I posed that question in a recent paper with Qingyun Wu at Stanford and Chenlin Gu at the Ecole Normale Supérieure in Paris. We looked at repugnance along two dimensions: its extent and its intensity. To abolish a black market, we concluded, you need both lots of people who don’t like an activity as well as lots of people who feel strongly enough to call the police about it. If either of those two things isn’t true, it’s really hard to wipe out a black market.
Are there better and worse ways to deal with a repugnant market?
I think there are. If harsh punishment isn’t going to eliminate a market, it may be time to focus instead on harm reduction.
Let’s think about the difference between the black market for heroin and the black market for prostitution. On the one hand, we have harsh laws against heroin, but they aren’t succeeding and we have some bad side effects. On the other hand, we have prostitution, which is illegal in most places but is treated like a traffic offense. We have basically given up trying to abolish prostitution, and maybe that makes sense. It would probably be a terrible idea to fill up our prisons with prostitutes and their customers.

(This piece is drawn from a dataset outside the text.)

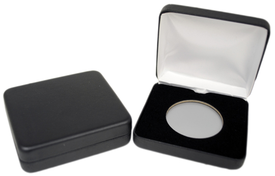 These boxes are wrapped with a black leatherette material and are manufactured with a hinged lid. Each box has a white satin cover pad, black display card, reflector card and a white protective sleeve. The display card has a hole sized for an H-size Air-Tite holder.

So how would you apply this thinking to heroin?
We have an opioid epidemic and we are not dealing with it effectively. Incarceration isn’t working. One of the costs of the opioid epidemic has been a rash of premature, avoidable deaths. Some of my Stanford colleagues recently wrote an excellent paper arguing the need to increase treatment of addiction. It’s worth noting that many people become addicted to heroin after first being prescribed opioid painkillers. These aren’t people who we would normally consider criminals, and medical treatment is likely to be easier to organize if we stop treating them as criminals. That’s the main attraction of possibly decriminalizing heroin, as part of a shift of emphasis from incarceration to treatment.
Meanwhile, some cities already have clean-needle exchanges, to prevent the spread of HIV and other diseases. Safe-injection facilities, which can help prevent overdoses, are coming into play in Europe and Canada. In this particular market, I think it’s time to focus on harm reduction. If we’re going to have heroin addicts for a long time to come, can we come up with a way that fewer of them die?